A rotina que matou Seu Fidêncio

Sempre a mesma hora, aos mesmos minutos, debandavam os segundos, aquele homem madrugador acordava ao nascer do sol.

As mesmas incumbências o esperavam. Tomava seu cafezinho magro. Não sem antes ir ao banheiro. Lavava o rosto com água gelada para espantar o sono. Dormia pontualmente antes das seis e meia das tardes preguiçosas.

Desde a mocidade assim se sucedia. Fidêncio era um trabalhador contumaz.

Acostumado ao trabalho duro da roça sempre viveu desta maneira. Colecionava calos nas mãos assim como olheiras ladeavam-lhe o canto dos olhos.

Desde a tenra mocidade sempre aprendeu, do pai, a fazer tudo sempre igual.

Esforçado, aprendeu que o trabalho não mata ninguém.

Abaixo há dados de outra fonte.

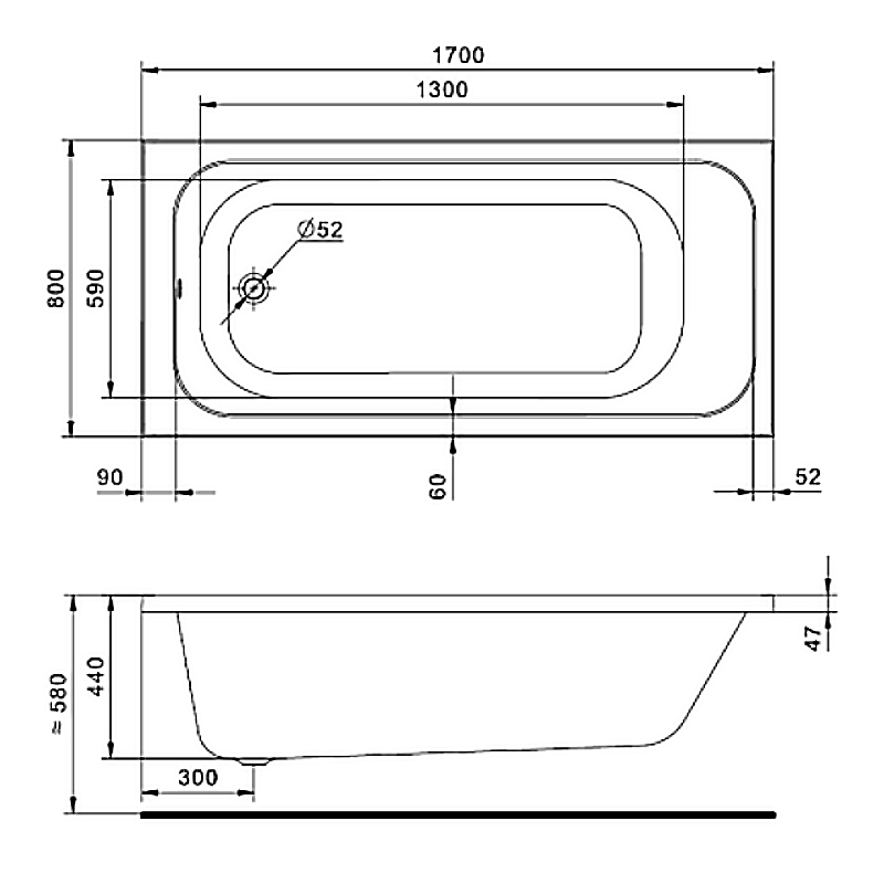 Форма ванны Прямоугольная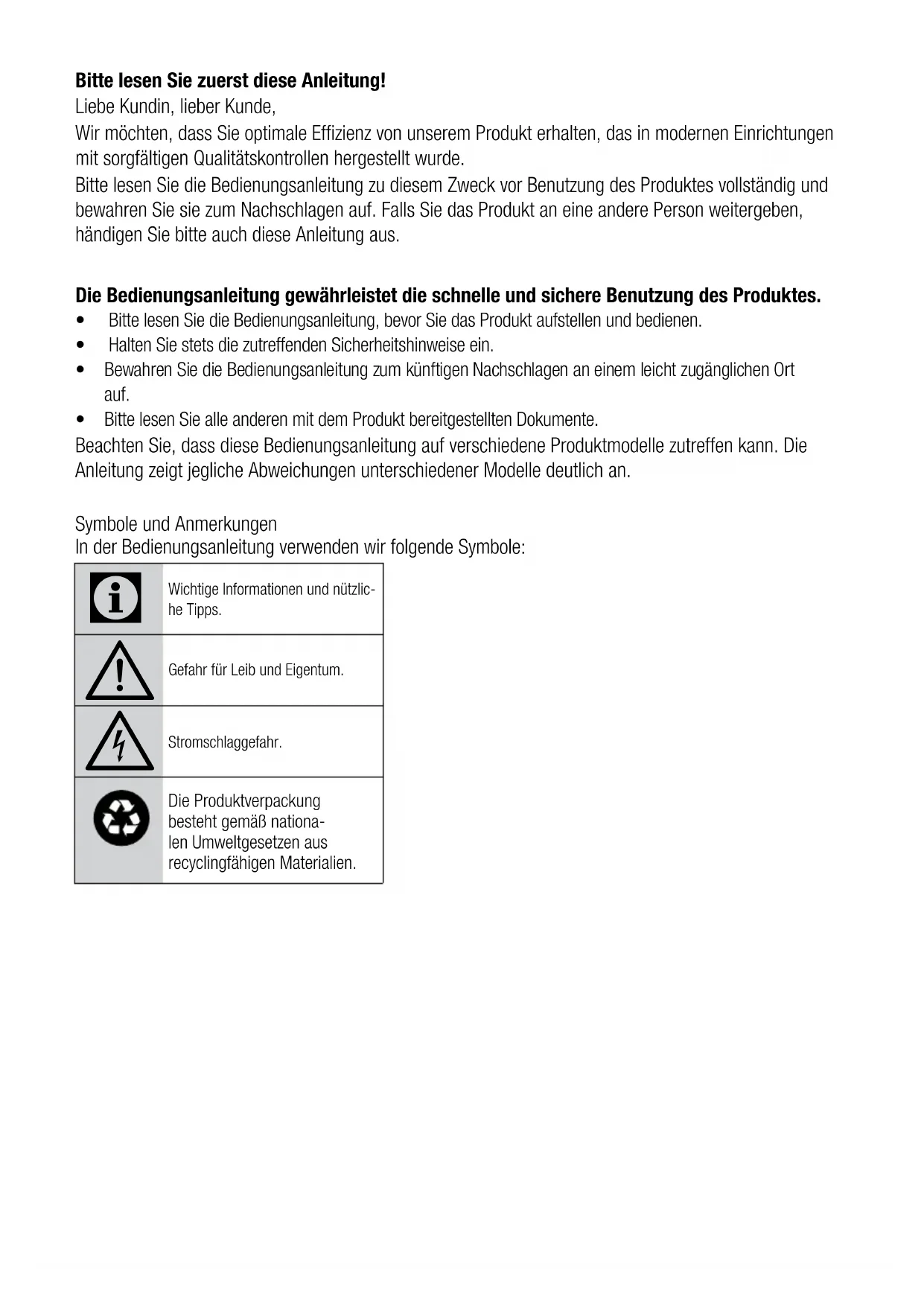 UPOZORNENIE: Ak problém pretrváva aj po vykonaní pokynov v tejto časti, obráťte sa na svojho predajcu alebo na autorizovaný servis. Nepokúšajte sa opraviť produkt.Bitte lesen Sie zuerst diese Anleitung! Liebe Kundin, lieber Kunde, Wir möchten, dass Sie optimale Effizienz von unserem Produkt erhalten, das in modernen Einrichtungen mit sorgfältigen Qualitätskontrollen hergestellt wurde. Bitte lesen Sie die Bedienungsanleitung zu diesem Zweck vor Benutzung des Produktes vollständig und bewahren Sie sie zum Nachschlagen auf. Falls Sie das Produkt an eine andere Person weitergeben, händigen Sie bitte auch diese Anleitung aus. Die Bedienungsanleitung gewährleistet die schnelle und sichere Benutzung des Produktes. t Bitte lesen Sie die Bedienungsanleitung, bevor Sie das Produkt aufstellen und bedienen. t Halten Sie stets die zutreffenden Sicherheitshinweise ein. t Bewahren Sie die Bedienungsanleitung zum künftigen Nachschlagen an einem leicht zugänglichen Ort auf. t Bitte lesen Sie alle anderen mit dem Produkt bereitgestellten Dokumente. Beachten Sie, dass diese Bedienungsanleitung auf verschiedene Produktmodelle zutreffen kann. Die Anleitung zeigt jegliche Abweichungen unterschiedener Modelle deutlich an. Symbole und Anmerkungen In der Bedienungsanleitung verwenden wir folgende Symbole:

Cresceu espremendo o mojo das vacas. Por elas tinha verdadeira afeição.

Diziam, nos arrabaldes, que por uma delas tinha um chamego. A tal Braúna, sempre que chegava ao curral, levantava o rabo com sinais evidentes de admiração. Uma linda bezerrinha em verdade era a cara deslavada do pai. Que não seria outro, não fosse à incompatibilidade de genes, o mesmo cuidador das vacas. Daí ela ser batizada de Fidencinha. Tal a parecença com o pai.

Passaram-se os anos. Contavam-se os dias.

E a vida continuava na mesma monotonia costumeira.

Fidêncio envelhecia a cabelos vistos. Aliás, bem cedo os perdeu. Restando um enorme descalvado que cobria toda a parte de cima. Restando na parte dos lados uma mecha de fiapos brancos.

Com o tempo passando, a vida se deslocando a frente, Fidêncio perseverava na mesma rotina. Mal tinha tempo para ir à cidade.

Ao atingir seus sessenta anos pareciam mais. A mocidade o deixou pra trás. Graças ao bom pai a saúde não o abandonou até certo dia.

Até que, numa manhã de outono, com o sol brilhando lá em cima, Fidêncio acordou com um estranho pressentimento. Sonhou que ficara doente. Apesar de que nenhum sinal indicasse que a enfermidade se mostraria naquele corpo antes rijo.

Acordou a mesma hora de sempre. Foi ao banheiro exonerar a bexiga.

Foi com enormes dificuldades que assim o fez. A urina teimava em não sair.

Felizmente, graças à ajuda de um amigo de pasto, que o levou ao hospital mais perto, foi lhe enfiada uma sonda pela uretra. A partir de então nunca mais se viu livre daquele artefato que o permitia urinar.

Por não desejar se operar da próstata passou a viver com aquele canudinho fininho. Tinha de trocá-lo a cada mês. Uma diligente enfermeira amiga era quem o fazia de bom grado.

Acontece que um belo dia ela faltou. A tal sonda entupiu. A bexiga quase estourou.

Foi quando ele apareceu no meu consultório. Bufando de dor. Foi preciso muita paciência para aliviar-lhe o sofrimento. Não foi por falta de convencimento que ele não quis se operar. Bem que tentei. Mas foram debaldes as tentativas.

Um ano depois soube notícias do velho Fidêncio. Ele veio a falecer da mesma forma em que viveu. Ainda em uso da mesma sonda. Na mesma rotina de sempre.

Ainda dizem que rotina não mata. A vida seria insustentável não fossem pelas mudanças.

Daí eu sempre mudo de roupa, apesar de não mudar de humor.